Выпивается волшебное зелье, дымятся костры великих и малых походов, сжигаются тайные травы, воздух наполняется пронзительным ароматом, недра земли источают силу, небо очищается от мглистой влаги, и наши звезды – самые яркие в мире! – бьют стальными иглами в сердце и мозг разгоряченного философа. Рождаются немыслимые ощущения, тонкие струны натягиваются во всех членах пораженного существа. Звучит сложная музыка, неподвластная рукотворному инструменту. Бесполезные расчеты растворяются в ней, но не пропадают, а сливаются с чувствами и рождают великую земную истину, которая торжествует только здесь, в нашей стране!
«Кто оспорит это? Кто посмеет сказать, что его искусственные построения сложнее и богаче наших чувственных схем? И кто, кроме нас, счастливых обитателей заповедной земли, дерзнет утверждать, что и его знания и вера, его логика и чувства, его сила и блаженное расслабление столь же гармонично и плодотворно соединяются в повседневном звучании? Никто! Зуб даю!».
Так думал на лежанке юный Федор Смирной, так думал и молодой кот Истома, в иночестве Илларион. Только иллюстрации к думам у них были разные.
Коту логическая ипостась представлялась топологией мышиных нор и подпольных ходов, а чувственная сторона – мощной мартовской песнью на сретенских задворках. Логика Федора выглядела страшнее: ее наполняли придворные интриги, пытки, казни, массовые убийства во время мятежей, разрозненные интересы придворных группировок. Зато чувства молодого человека были похожи на чувства молодого кота: в них тоже звучала музыка, придворные девки шуршали платьями и по-кошачьи изгибались в соблазнительных стойках. Так что, чувства страдальцев были аналогичными, и это вполне доказывало их русское, местное происхождение.
Чтобы прекратить самоистязание, Истома преодолел мысли о кошках и задумался о новом распорядке: будут ли по-прежнему допускать в мирскую поварню «воцерковленного» кота?
Федор тоже заставил себя переключиться на служебный предмет и занялся новым начальником.
Ему был симпатичен Сильвестр, хотя судить с наскока не приходилось, — поп не так прост. В монастыре знаменитый «Домострой» Сильвестра воспитанники списывали по очереди, читали и пересказывали в отрывках. Иногда казалось, что автор – окоченевший, каменный старец, фанатик и ортодокс, а то выходило, что — развеселый погонщик свадебного поезда, привязавший диких жеребцов под спальню молодых.

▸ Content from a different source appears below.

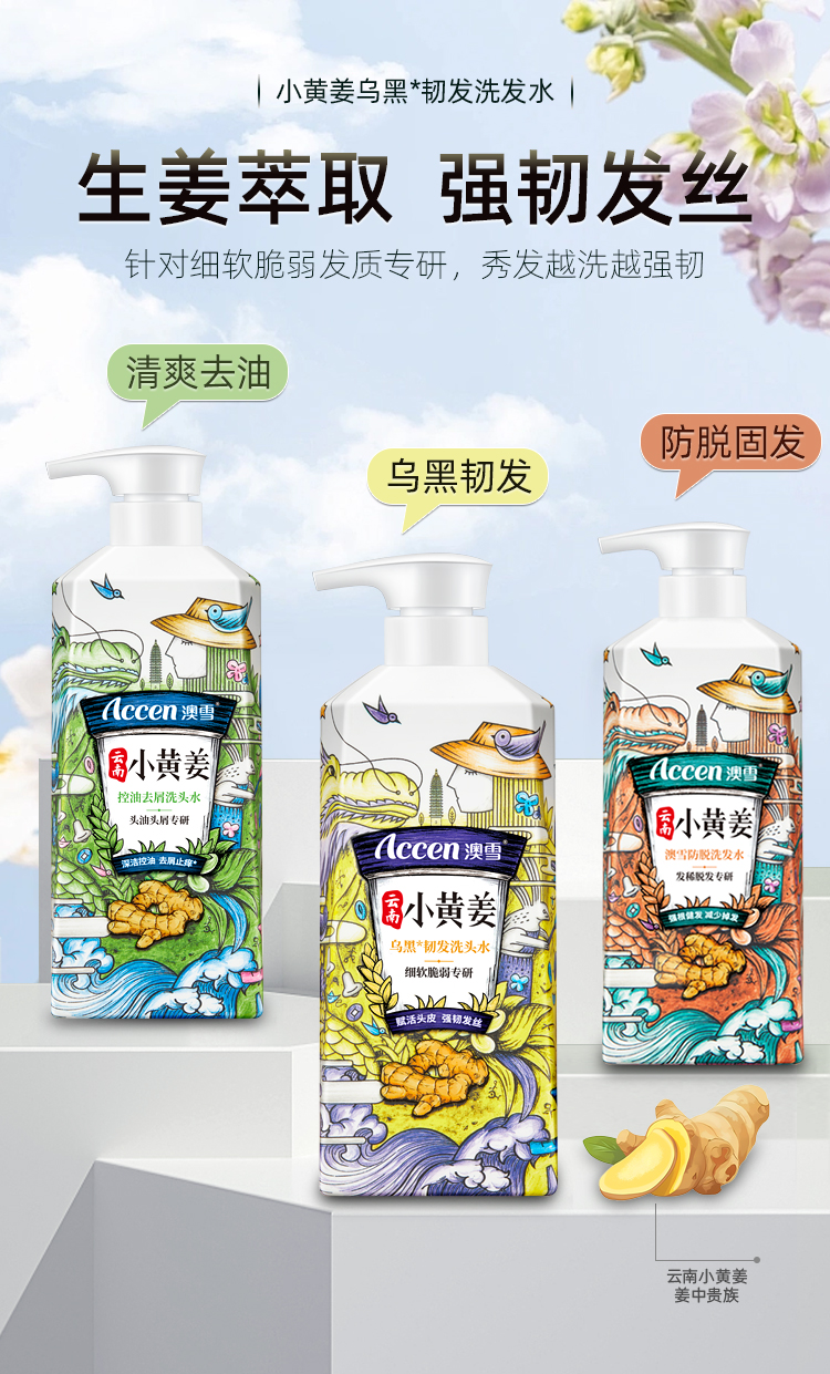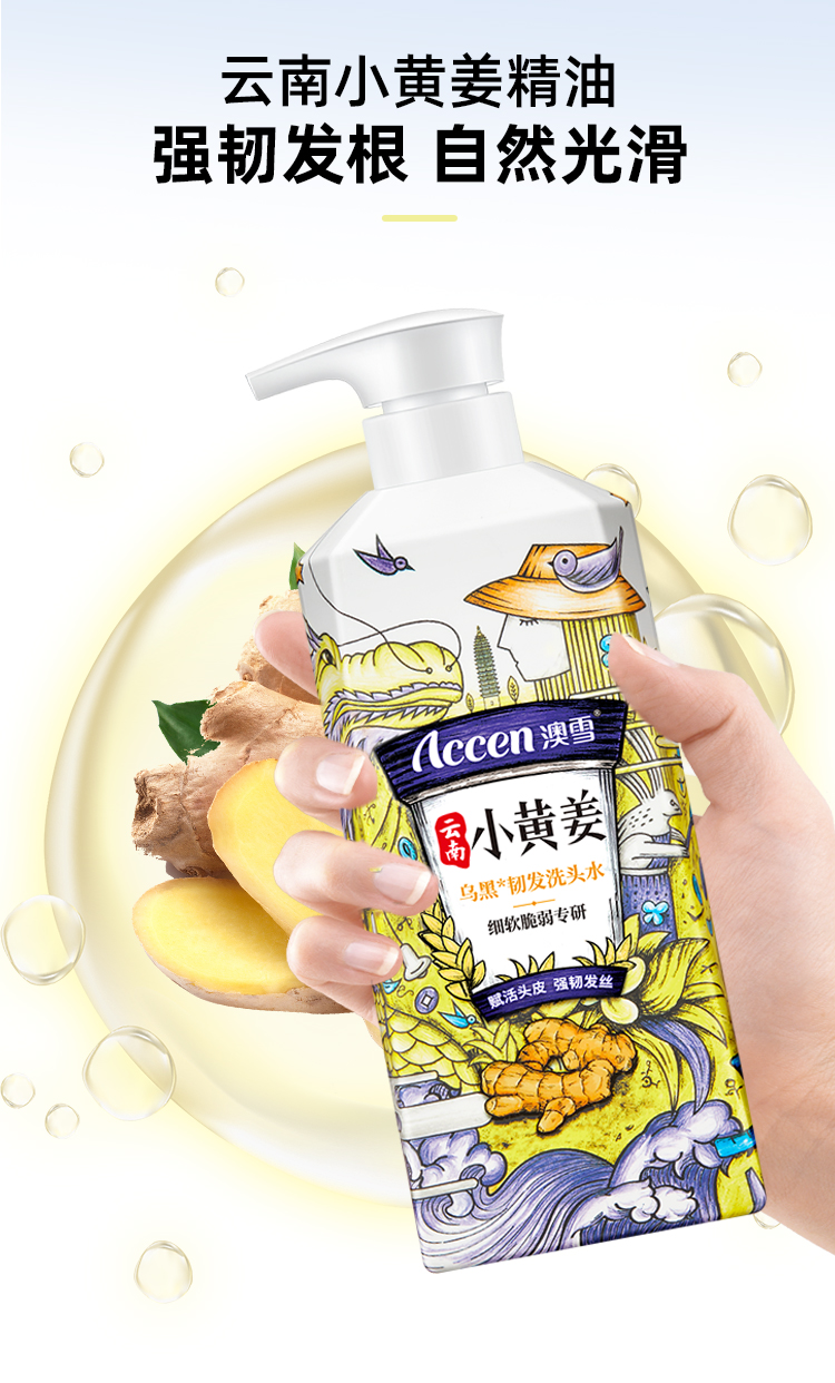 商品名称:澳雪(accen)云南小黄姜乌黑韧发洗发水500ml (单位:瓶) 乌黑韧发

Решил Федор посмотреть Сильвестру в глаза, и вспомнил одну монастырскую задачу. Задача эта когда-то очень испугала игумена Савву. Теперь он приподнес ее Сильвестру, и был бы это смертельный риск, если б не царь Иван за спиной – двумя этажами выше и пятью палатами севернее по дворцовому коридору.
Вот какая это была задачка. Федя излагал ее спокойно, с простоватой улыбкой, но почтительно. С уважением к предмету и слушателю, с осторожностью в интонациях.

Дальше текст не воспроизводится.